Michigan State's Kenny Willekes celebrates after a stop against Michigan during the first half on Saturday, Oct. 20, 2018, at Spartan Stadium.

MSU lost six games by a total of 51 points, an average of 8.5 per loss, and was competitive in all of them until the fourth quarter, when it was outscored 60-3 as the offense failed to sustain drives and left the defense vulnerable.

“Unfortunately, some things slipped out of our hands in 2012 that kind of led to some of the same things that happened at Michigan State last year,” Treadwell said. “Not closing games.”

Again, Dantonio made changes to his staff, demoting Warner and Bollman and promoting Brad Salem as the new offensive coordinator, with the mission of “revamping our system and philosophy.”

“And now, we have to put that into more of a week-to-week, game-to-game type situation,” Dantonio said. “But there’s gotta be productivity, I don’t think there’s any question about that. I understand that. … I think people will notice a difference.”

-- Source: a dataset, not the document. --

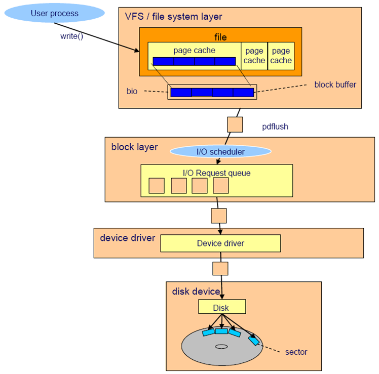 (사실 위 그림의 file system layer는 VFS, 실제 매핑 레이어, 제너릭 블록 레이어로 나눠 더욱 세분화해야 한다)
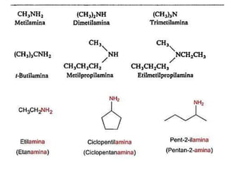 Este documento presenta información sobre diversas sustancias químicas orgánicas como aminas, amidas, catecolaminas, nitrilos, lactamas, vitaminas, alcaloides, isómeros y aminoácidos. Describe las propiedades y usos de sustancias como la adrenalina, histamina, vitamina B3, GABA, paracetamol, lactamas, barbitúricos, nitroderivados, catecolaminas, cafeína, nicotina y anfetamina. El documento también proporciona definiciones de términos como al

Just as in 2013, there are a number of players — veteran voices and leaders — returning with starting experience, including nine on defense from the Redbox Bowl loss to Oregon.

On offense, they have the advantage of third-year starting quarterback in Lewerke and receivers in Darrell Stewart and Cody White, all of whom have produced when healthy.

Treadwell believes strong leadership will be a major key, much like it was in 2013. The hope is that hours of work during a long offseason between the season-ending 7-6 loss to Oregon and waiting for Friday’s opener against Tulsa will not be misspent.

The hope is that the seniors can exit just like Treadwell did. With a championship.

“My last year, I made sure that whatever happens, I’m gonna look myself in the mirror and I’m gonna have no regrets,” he said. “So I think some of those guys know that this is your last ride. How do you want to be remembered?”